The following data were extracted from eligible studies using a standardized form: title, authors, publication year, DOI, review question, population studied, number of cases, number of controls, AI method, reference test, outcomes, type of internal validation, and type of external validation. For PICO question #1, disease diagnosis (i.e., classification task), we extracted accuracy; if accuracy was unavailable, we extracted the area under the receiver operator characteristic curve (AUROC). For PICO question #2, quantitative phenotyping, we extracted the coefficient of correlation (r) or coefficient of determination (r2) for correlation or regression tasks, and accuracy or AUROC for disease severity classification. When these were unavailable, we extracted free text outcomes. We extracted the best-performing metric for each AI model used for outcome reporting.
A quality assessment was performed by evaluating the presence of internal and external validation methods. Internal validation included cross-validation or split sample testing. External validation refers to using an independent dataset not used during the model training or testing phases to attempt to replicate the model’s performance. Risk of bias was assessed as per QUADAS-2 (Quality Assessment of Diagnostic Accuracy Studies 2) guidelines []. QUADAS-2 complements the data extraction process by evaluating four key domains: patient selection, index test, reference standard, and flow and timing of patients through the study. Each domain was assessed for risk of bias and review applicability concerns. The risk of bias was rated as low, high, or unclear based on specific criteria, while the review applicability was rated similarly based on how well the study aligned with the review question. Based on QUADAS-2 guidance, we tailored the index test interpretation to the unique challenges of AI diagnostic studies. Key concerns include data leakage, feature selection, adequacy of validation processes and data partitioning, and threshold identification.

3. Results

The search strategy identified 14,092 studies published from 1990 to 2023. The automated title screener screened out a total of 12,324 studies without errors detected upon manual review. A manual screening of the remaining 1127 articles found 689 of PD, and an additional 383 abstracts, review articles, or studies not meeting review questions. Full-text assessment for eligibility resulted in 55 articles which met the review criteria (Figure 1) and underwent data extraction as well as quality and risk of bias appraisal.
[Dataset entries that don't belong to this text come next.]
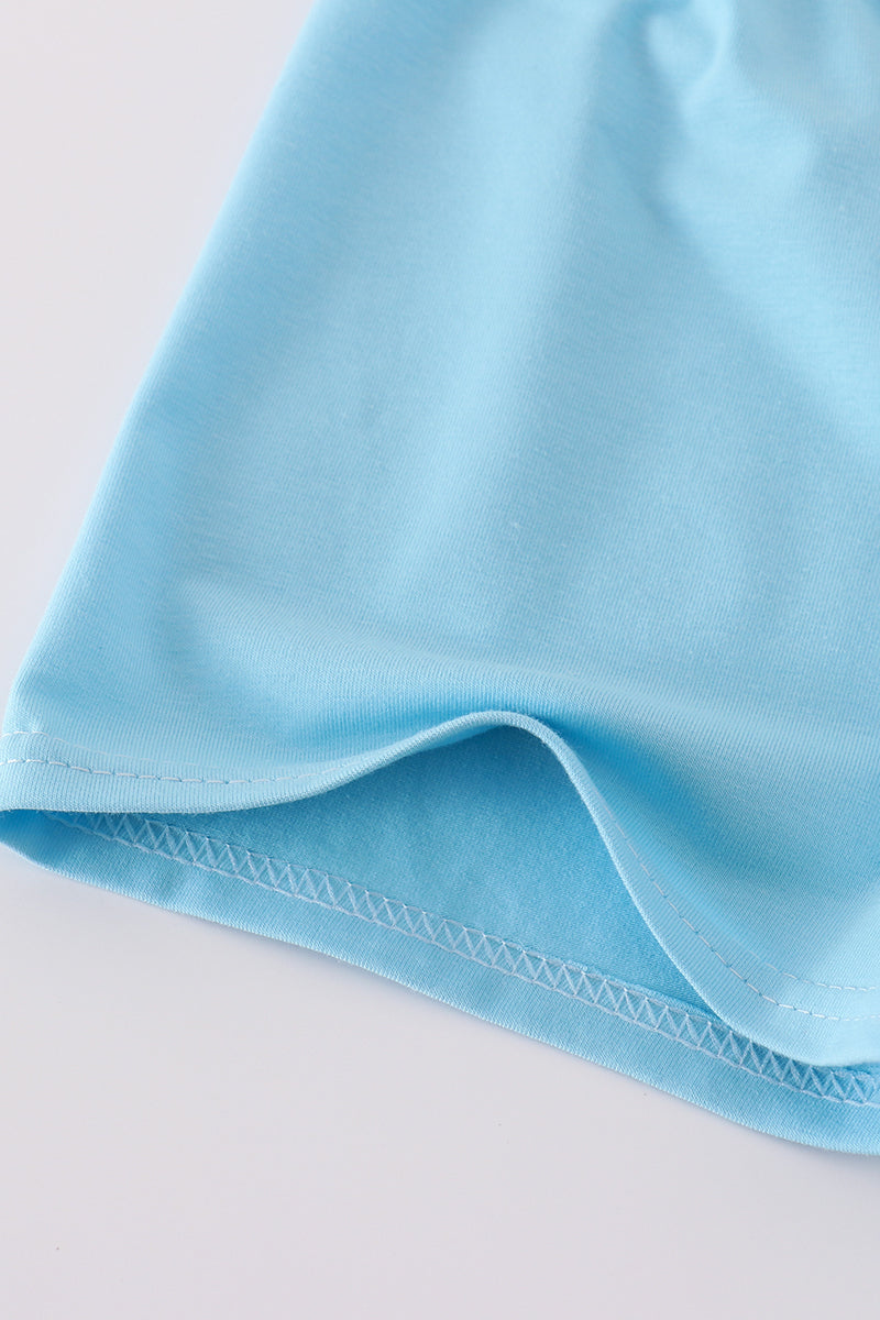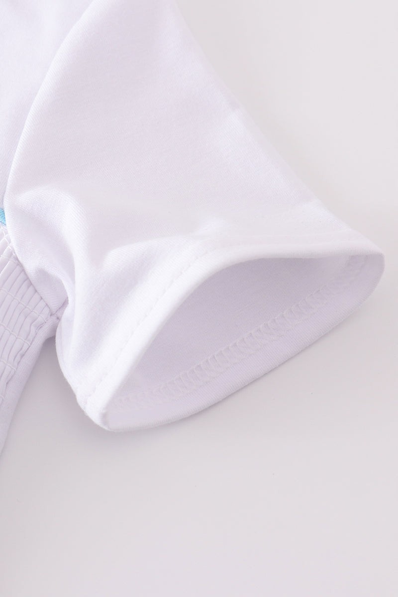 This playful smocked set is perfect for a day at the beach! Featuring white starfish embroidery, it adds a touch of whimsy to your summer wardrobe. The smocked design provides a flattering fit while the lightweight fabric keeps you cool and comfortable. (Be the star of the shore in this charming set!)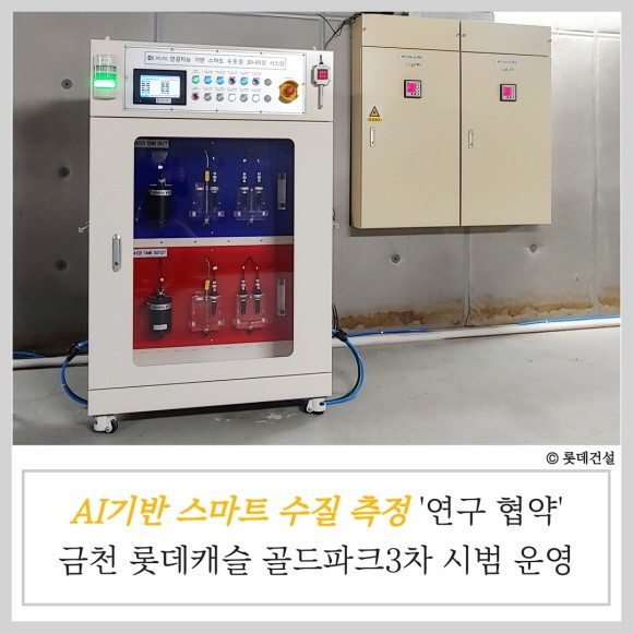 롯데건설이 'AI기반 스마트 수돗물 수질 측정 시스템'을 시범 운영해 입주민에게 공급되는 수돗물 수질 상태를 측정하고, 실시간 수질 정보를 제공한다.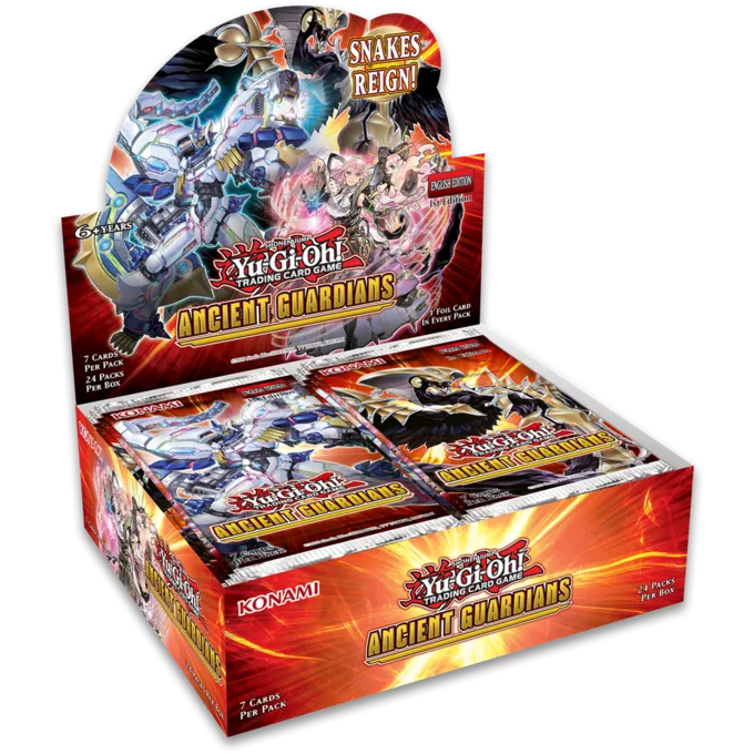 Ancient Guardians afslører kraftfulde nye monstre i foråret 2021! Dette 60-korts booster-sæt introducerer 3 splinternye strategier sammen med ældre kort, der forbedrer dem. Ligesom i Toon Chaos og Genesis Impact , vil 15 ko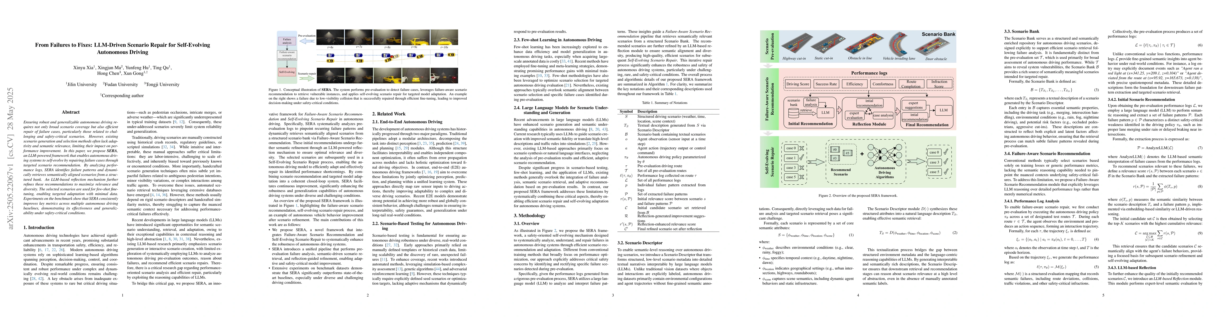 A new framework called SERA uses a large language model to help self-driving cars fix problems by suggesting relevant scenarios for fine-tuning, improving performance and safety.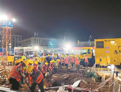 深夜的工地仍然灯火通明,工人将电缆接力传递进施工现场。
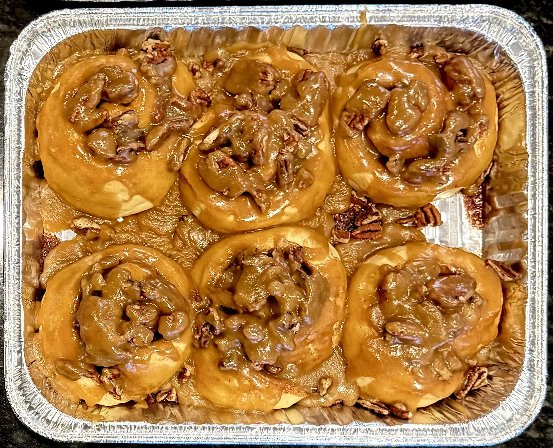 What’s better than one of our delicious cinnamon rolls? Why a delicious cinnamon roll with scratch-made caramel and roasted pecans on top of course. The rich and nutty flavors go well with the soft and luscious caramel. These rolls make for a decadent dessert!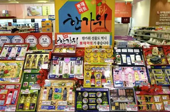 秋夕(チュソク)があり、多くの飲食店やショップが連休中は休業します。旧正月と同様で、実家に帰省する人もいれば、海外旅行に行く人もいます。日本ではお盆の時期に日頃お世話になっている人たちにお中元を贈る風習がありますが、韓国の秋夕でも同じような光景が見られます。百貨店や大型マートには特設売場が登場し、定番品の韓国牛や果物から乾物類、酒類、コーヒーや洗剤の詰め合わせなどがギフトとして並び、贈り物商戦が繰り広げられます。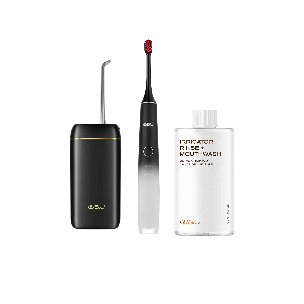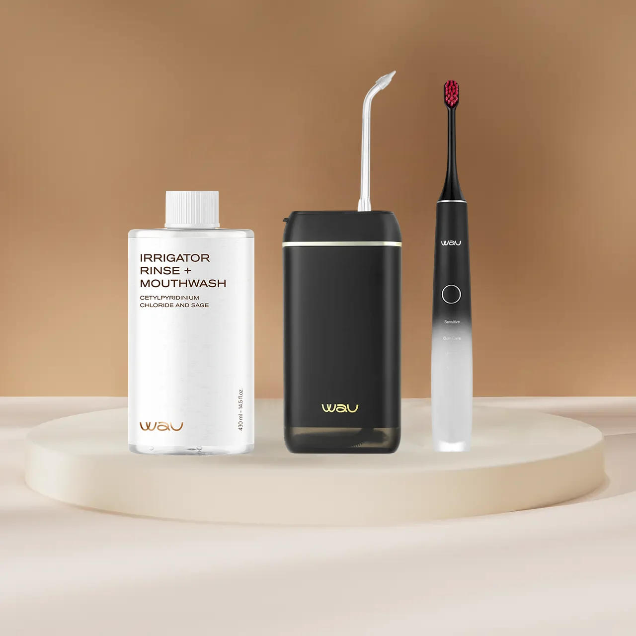 Комплект для полноценного ухода за зубами и деснами. Звуковая зубная щетка MORI BLACK удаляет налет и бактерии, а портативный ирригатор MIGA BLACK дополняет уход, очищая труднодоступные места и массируя десны, ополаскиватель улучшает состояние слизистой и препятствует развитию кариеса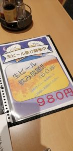 生ビール飲み放題もよかったです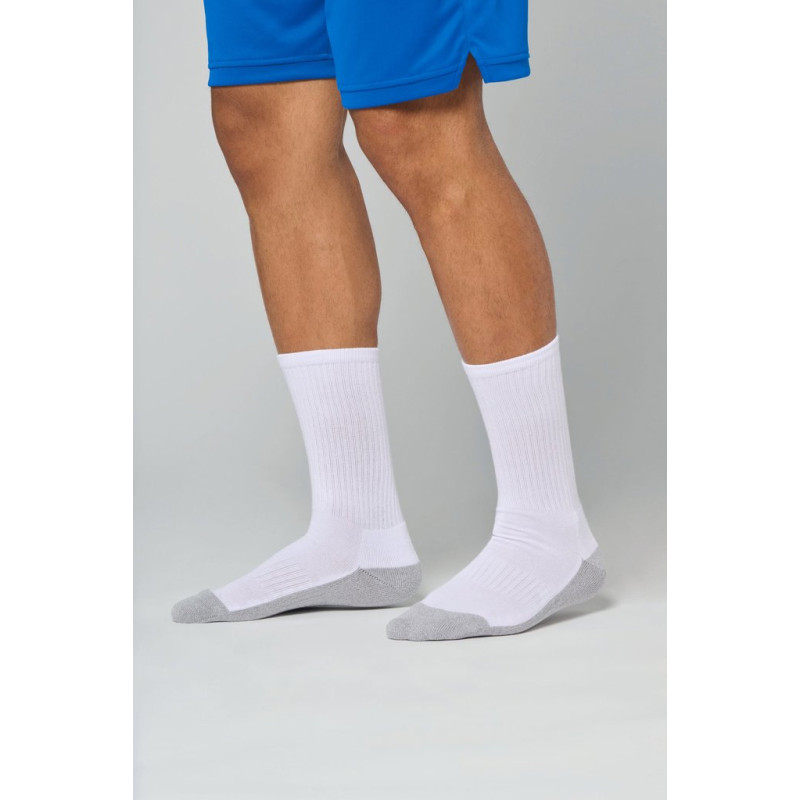 80% algodão / 11% poliéster / 7% poliamida / 2% elastano. Malha turca no interior para maior conforto. Costura plana junto aos dedos dos pés. Malha apertada no tornozelo e na zona central do pé para maior conforto e protecção. Sola em malha cinzenta.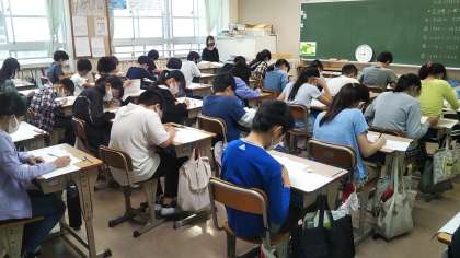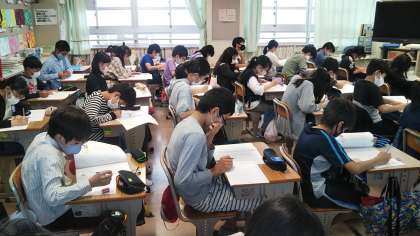 国語の時間です。真剣に取り組んでいます。し〜んと静まり返っています。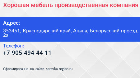 Хорошая мебель, производственная компания по адресу 353451, Краснодарский край, Анапа, Белорусский проезд, 2а в дальнейшем Организация, размещена в следующих категориях: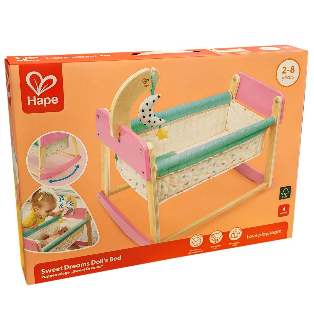 Hape presenta una raffinata culla a dondolo realizzata con materiali ecosostenibili di alta qualità, progettata per accogliere bambole e peluche fino a una lunghezza di 45 centimetri. La struttura è interamente costruita in legno resistente, con una finitura impeccabile che rispetta i più rigorosi standard di sicurezza internazionali. Grazie alla base curva, la culla offre un movimento oscillante realistico e fluido, permettendo ai bambini di simulare i gesti della cura quotidiana in modo naturale. Il set è arricchito da un morbido materassino rimovibile completo di cuscino e da una graziosa giostrina sospesa con stelle e una luna dotata di campanellino integrato, che aggiunge un elemento sonoro e visivo stimolante.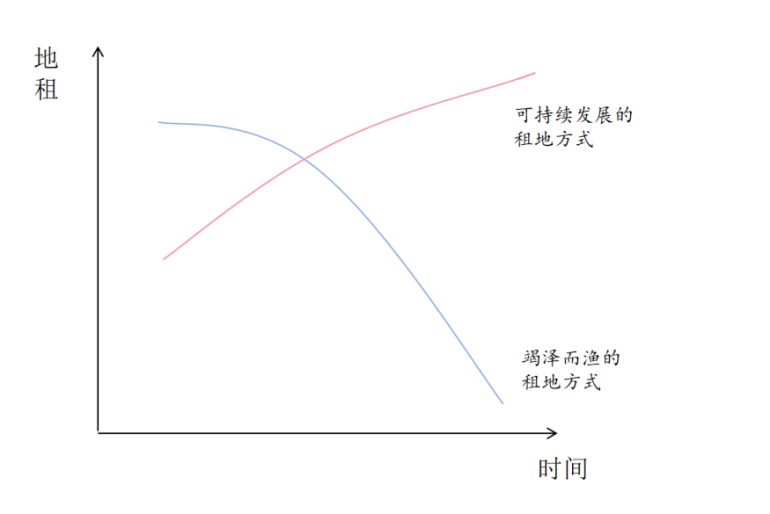 正如下图所示,大资本采取的是高投入、高产出的生产逻辑,但是如前所述,这种逻辑最终将竭泽而渔。参访最后一天,我们邀请了几位村民,开展了一次土地流转主题工作坊。工作坊中,村民们纷纷认同,高地租背后是短期利益压过了长期利益。在上一节所描述的困境中,如果全面依赖市场调节(价高者得,大资本挤压小资本),似乎这条曲线(下图蓝色曲线)是一个无解的必然趋势。

There were 13 articles on ataxia [,,,,,,,,,,,,], 11 articles on chorea [,,,,,,,,,,], five articles on dystonia [,,,,], one article on tics [], and 25 articles on tremor [,,,,,,,,,,,,,,,,,,,,,,,,]. No articles on myoclonus were included. Thirty-five studies used machine learning (ML), sixteen used deep learning (DL), and four used both. The total number of subjects included was 11,946. For each hyperkinetic movement disorders group, ataxia had 2492 cases and 644 controls; chorea had 5256 cases and 271 controls; dystonia had 659 cases and 380 controls; tics had 11 cases with no controls; and tremor had 1540 cases and 693 controls. Data analyzed included 17 kinematics datasets (e.g., accelerometers, inertial measurement units), 15 studies included imaging-based datasets (e.g., MRI, fMRI, DAT scan), 12 studies included voice or video datasets (e.g., voice analysis, video analysis, eye tracking), and 10 studies included electrophysiology datasets (e.g., EEG, EMG), while the remainder included clinical examination and genetic datasets.
Figure 1. Flowchart of included studies.

3.1. Disease Diagnosis and Quantitative Phenotyping Outcomes

Thirty-eight studies reported disease diagnosis outcomes (Table 1) and twenty-three reported quantitative phenotyping outcomes (Table 2). Six studies reported both types of outcomes and are featured in the tables below.
Table 1. Studies using AI for disease diagnosis.
Table 2. Studies using AI for Quantitative Phenotyping.

3.1.1. Disease Diagnosis

Across all hyperkinetic movement disorders, accuracy was reported in 36 studies. The most used ML and DL algorithms were support vector machine (SVM, n = 13) and convolutional neural networks (CNN, n = 8), respectively. In ataxia (n = 8), data from an inertial measurement unit (IMU) was the most common dataset (n = 3), with 86–88% accuracy compared to clinical diagnosis for discriminating from healthy controls. In chorea (n = 8), data from MRI brain images were the most common dataset (n = 3), with accuracy ranging from 62% to 85% compared to clinical diagnosis for discriminating from healthy controls. In dystonia (n = 3), three studies used different datasets with accuracy for video analysis, MRI brain images, and voice recordings of 70%, 99%, and 65%, respectively, compared to clinical diagnosis for discriminating from healthy controls. For patients with tic disorder (n = 1), a video analysis dataset was used in one study, with an AUROC of 0.74 compared to clinical diagnosis. In tremor (n = 18), data from MRI brain images were the most often analyzed data (n = 4), with accuracy ranging from 58% to 98% and 100% compared to clinical diagnosis for discriminating from healthy controls (n = 3) and orthostatic tremor (n = 1), respectively.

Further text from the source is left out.